VictoriaMetrics: Error in vmstorage regarding big packetsize

Describe the bug vmstorage has error logs complaining about packet size.

app/vmstorage/transport/server.go:160 cannot process vminsert conn from 10.20.11.94:40018: cannot read packet with size 104176512: unexpected EOF

I assume this also causes data to drop

Expected behavior Such error should not happen in vmstorage and vminsert should be writing all the data in vmstorage without an error

Version docker image tag: 1.26.0-cluster

Additional context

We are running clustered victoriametrics in GKE.
For vmstorage, the data is stored in a HDD persistent disk.
There are two pods running for each component
There are two pods of prometheus (HA) writing data to this VictoriaMetrics
RAM & CPU are as below:
- vmstorage (3 cpu & 15 Gi memory) *2
- vmselect (1 cpu & 10 Gi memory) * 2
- vminsert (4 cpu & 6 Gi memory) * 2
sum(rate(vm_rows_inserted_total[5m])) by (instance) {instance=“10.24.7.59:8480”} : 111152.98245614035 {instance=“10.24.8.48:8480”} : 111287.36842105263

Please let me know if additional information is required.

About this issue

Original URL
State: closed
Created 5 years ago
Comments: 17

Commits related to this issue

app/vminsert/netstorage: send per-storageNode bufs to vmstorage nodes in parallel This should improve the maximum ingestion throughput.
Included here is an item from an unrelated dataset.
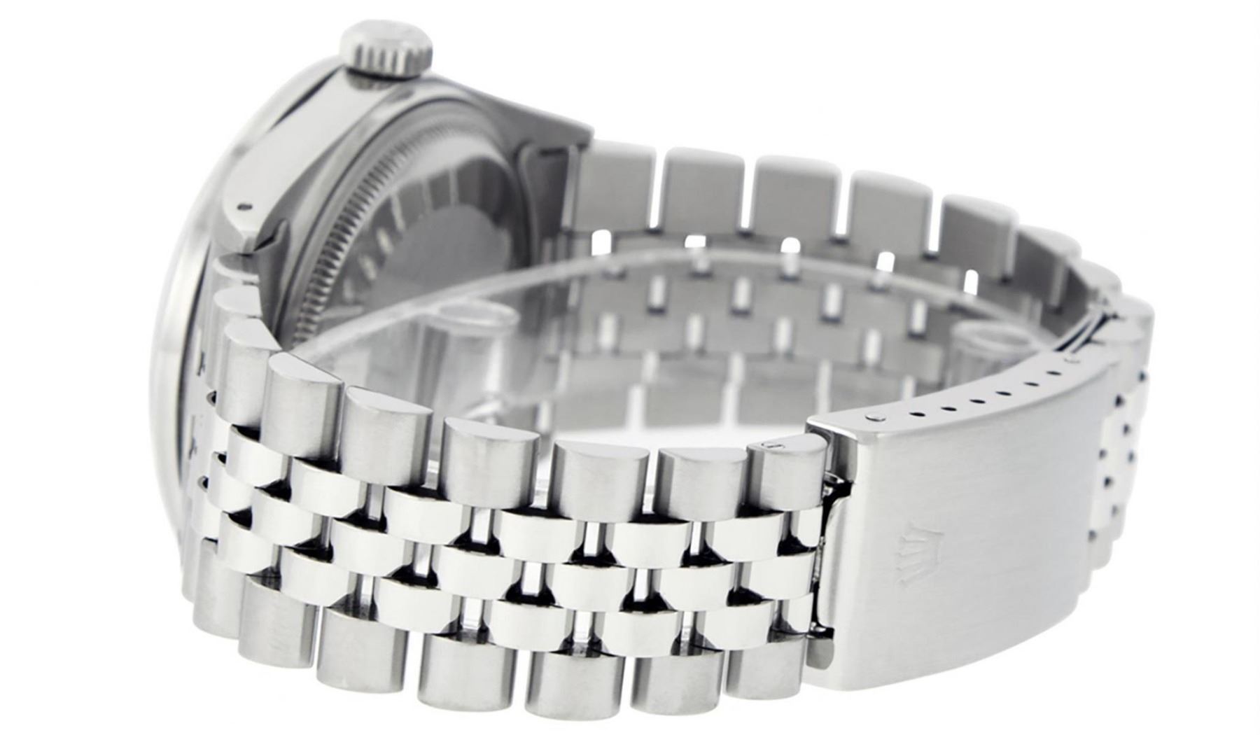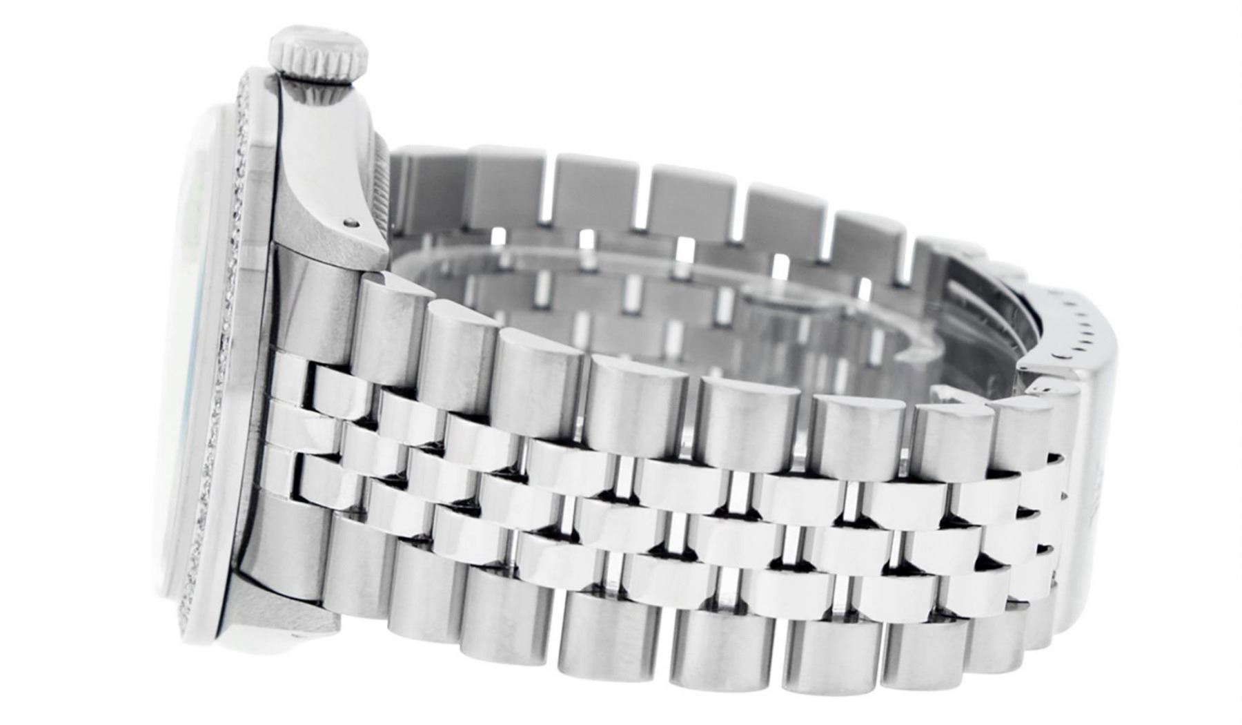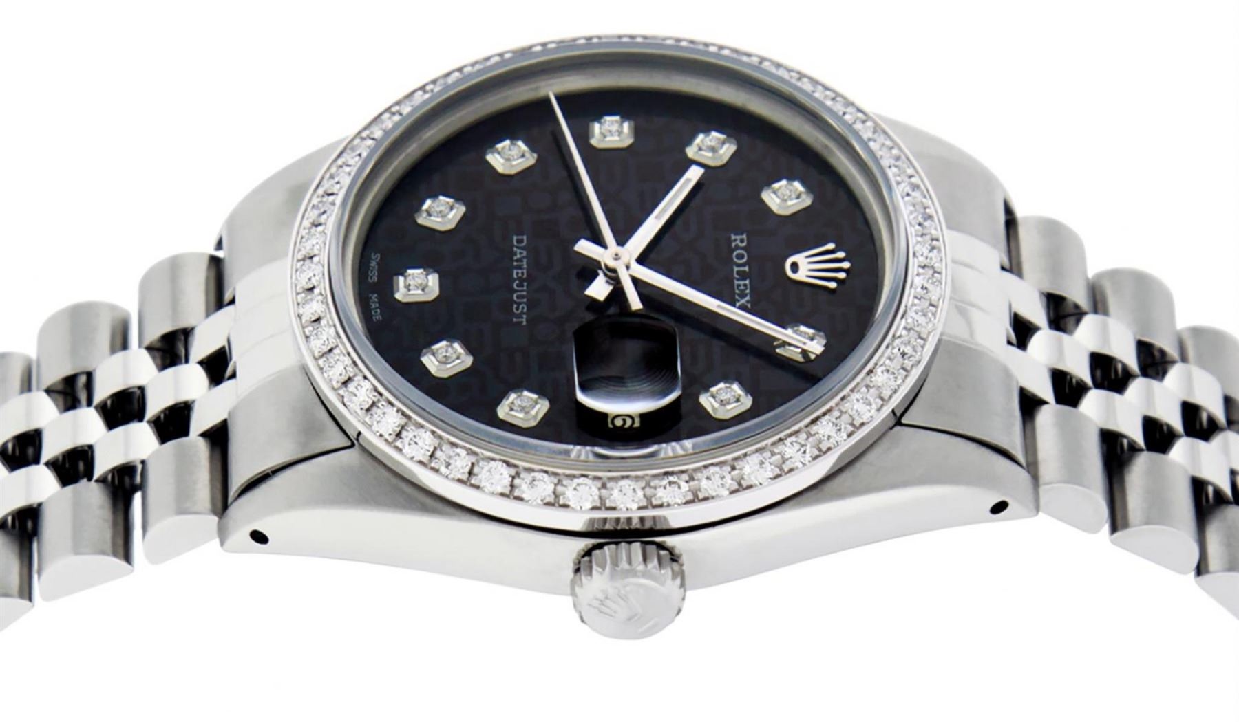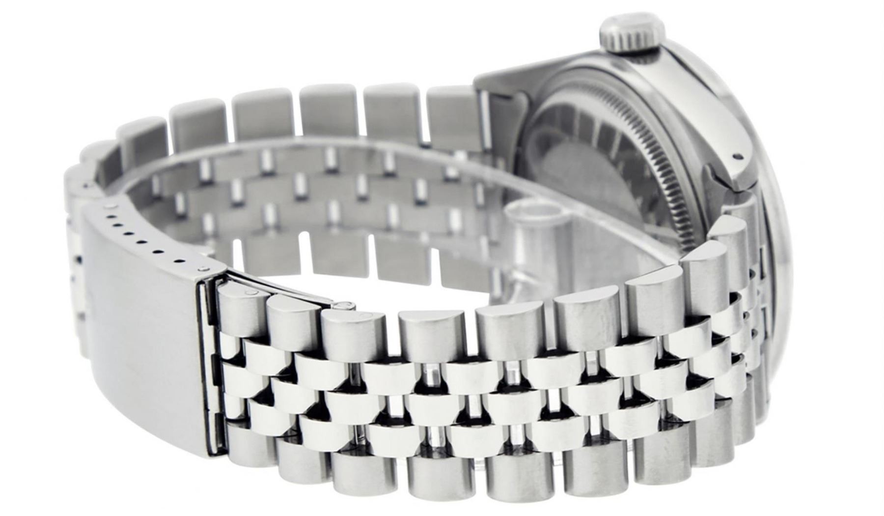 One Mens Stainless Steel Rolex Datejust Polished, Serviced & Electronically Tested, Stainless Steel Case: 36mm, Stainless Steel Crown, New Custom Bezel: 18K White Gold Beadset Diamond Bezel, Diamond Count: 44 Diamonds. Total Bezel Weight 1.00 Carat, Clarity: SI-VS, Color: G to H. Custom Crystal: New Scratch Resistant Synthetic Sapphire Cyclops Lens. Custom Hands: New Luminescent Hands. Movement: Automatic Winding Movement. Custom Refinished Dial: Black Jubilee With Diamond Hour Markers, Stone Count: 10 Diamond In Dial. G To H In Color, Clarity: SI-VS. Date Window: 3 O'Clock Position Date Display, Quickset, Model: Datejust. Condition: G-6 Extra Fine. Bracelet: Stainless Steel Jubilee. Bright Polish & Satin Finish. 7.0 Inch Length, Adjustable. Standard Clasp, With Rolex Logo. This Watch Has Been Serviced Time Tested And Is In Excellent Condition It Is Free Of All Scratches And Dents.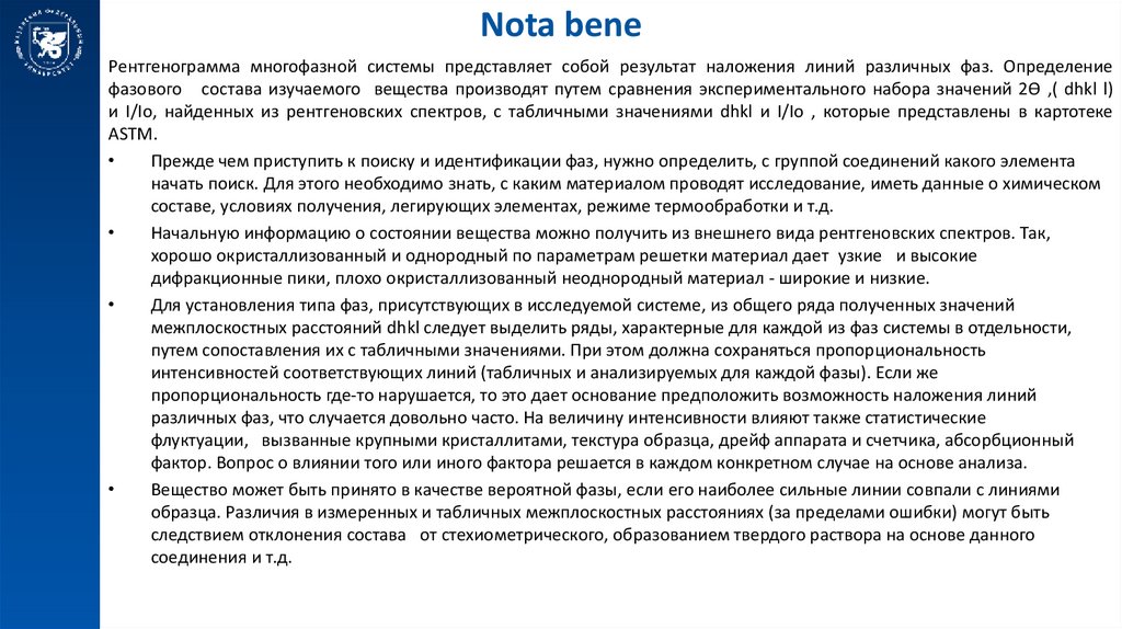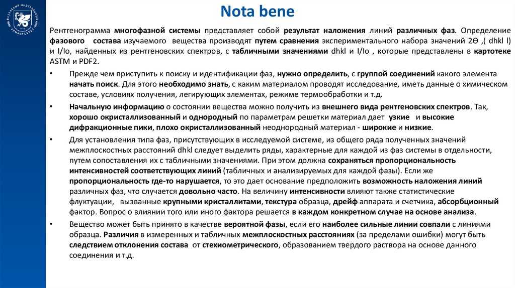 Nota beneРентгенограмма многофазной системы представляет собой результат наложения линий различных фаз. Определение

Updates https://github.com/VictoriaMetrics/VictoriaMetrics/iss... — committed to VictoriaMetrics/VictoriaMetrics by valyala 5 years ago
all: report the number of bytes read on io.ReadFull error This should simplify error investigation similar to https://github.com/VictoriaMetrics/VictoriaMetrics/issues/175 — committed to VictoriaMetrics/VictoriaMetrics by valyala 5 years ago
app/vminsert/netstorage: log network errors when sending data to vmstorage nodes Updates https://github.com/VictoriaMetrics/VictoriaMetrics/issues/175 — committed to VictoriaMetrics/VictoriaMetrics by valyala 5 years ago
app/vminsert/netstorage: mention the data size that cannot be sent to vmstorage Updates https://github.com/VictoriaMetrics/VictoriaMetrics/issues/175 — committed to VictoriaMetrics/VictoriaMetrics by valyala 5 years ago
README.md: refer to comment about ingestion rate scalability Updates https://github.com/VictoriaMetrics/VictoriaMetrics/issues/175 — committed to VictoriaMetrics/VictoriaMetrics by valyala 5 years ago

Most upvoted comments

Thanks for the update! Then leaving the issue open until possible solutions for this issue are published in README.md for cluster version.

The solutions:

increasing the number of vminsert or vmstorage nodes, so more CPU cores can be loaded with serving increased number of connections between vminsert and vmselect nodes.
Disabling compression for such connections with -rpc.disableCompression on vminsert.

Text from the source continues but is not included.